Проснулся я уже вечером, и несколько минут широко распахнув глаза, оглядывал темную, незнакомую комнату, припоминая, как сюда попал. Осознание, где я нахожусь, снова наполнило мою грудь ощущением неизбывного счастья. Я вскочил с дивана, быстро ополоснул лицо в раковине, зачерпывая пригоршнями и брызгая в лицо холодной водой, и выбежал из дома.
Густые сумерки опустились на Севастополь, но до полной темноты осталось еще пара часов. Я решил использовать их с толком.

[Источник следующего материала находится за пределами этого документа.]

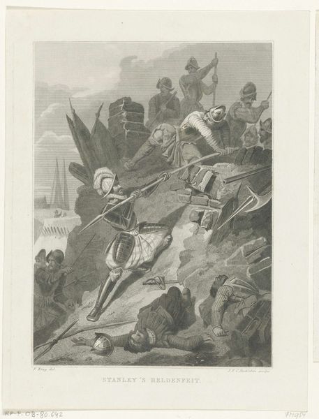 Editor: Here we have Jacobus Buys’ drawing, "Het beeld van Erasmus te Rotterdam beschoten door de Spanjaarden, 1572," created between 1789 and 1791, using pencil, pen and ink. It feels almost like a quick news sketch – so immediate and dramatic! What can you tell me about the story behind this image and its materiality? Curator: What interests me is the relationship between the high-minded subject – Erasmus, intellectual par excellence – and the means by which Buys depicts this historical moment. He utilizes relatively common, easily accessible materials, right? Pencil, pen, ink – the tools of everyday communication, not necessarily of grand historical painting. Doesn't this choice democratize the narrative? Editor: That’s fascinating. I hadn’t considered the accessibility of the materials. It's like he's bringing this heroic narrative down to earth, suggesting everyone could engage with it. How does that relate to the depiction of violence? Curator: Think about the production of weapons depicted - the labor involved, the raw materials sourced. What is being consumed here, beyond ammunition? It's Erasmus, yes, but also a particular political ideology being violently imposed. Notice the detailed rendering of the muskets, versus the sketchier, almost ethereal portrayal of Erasmus. Does that signal anything about what Buys values - or perhaps fears? Editor: It makes you think about who had access to firearms, and how that affected power dynamics in 16th century Rotterdam. Buys is emphasizing something about power and violence beyond the central figure of Erasmus. It reframes what is usually presented as intellectual struggle within very tangible elements. Curator: Exactly. It pushes us to consider not just the grand narratives of history, but the messy, material realities of conflict and the labor and resources that fuel it. Ultimately, how these factors intertwine and reshape both memory, interpretation, and ideology over time. Editor: I see the artwork in a new light, thinking about the artist’s choices regarding material culture impacting this subject, which, until now, seemed merely historical. Thank you for making that connection clearer to me!
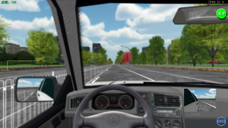 3)具有座艙和顯示器的互動視景系統(tǒng),并具有錯誤駕駛記錄和提示功能;右暰跋到y(tǒng)應具備圖形工作站、顯示設備、音響功放等組成,可實現(xiàn)駕駛員前景140度以上視角的屏幕顯示。

Гудок парохода прорезал ночь и гортанным эхом прокатился над городом. Я пробежался кривыми улочками, оставив в стороне Карантинную бухту. В теплом воздухе, в горьковатом запахе цедры и бальзамическом благоухании садов таилось необыкновенное обаяние юга, уже слегка забытое мной. Его особенная красота.
Я пересек 6-ю Бастионную улицу. Окунулся в наступающую ночь. В теплое дыхание эвкалиптов и секвой. Город не отвлекал меня блеском бурлящей ночной жизни, слепящими фарами машин, рекламными огнями ресторанов Артиллерийской бухты. Только слегка будоражил обоняние тонкий запах настоящего турецкого кофе. Нигде так хорошо не готовят кофе по-венски, как здесь в Севастополе. На секунду я чуть было не поддался искушению, и повернул голову в сторону сияющих заведений, уже предчувствуя на языке нежный аромат кофейных зерен, сладких сливок и ликера. Однако, стряхнув наваждение, я ринулся дальше.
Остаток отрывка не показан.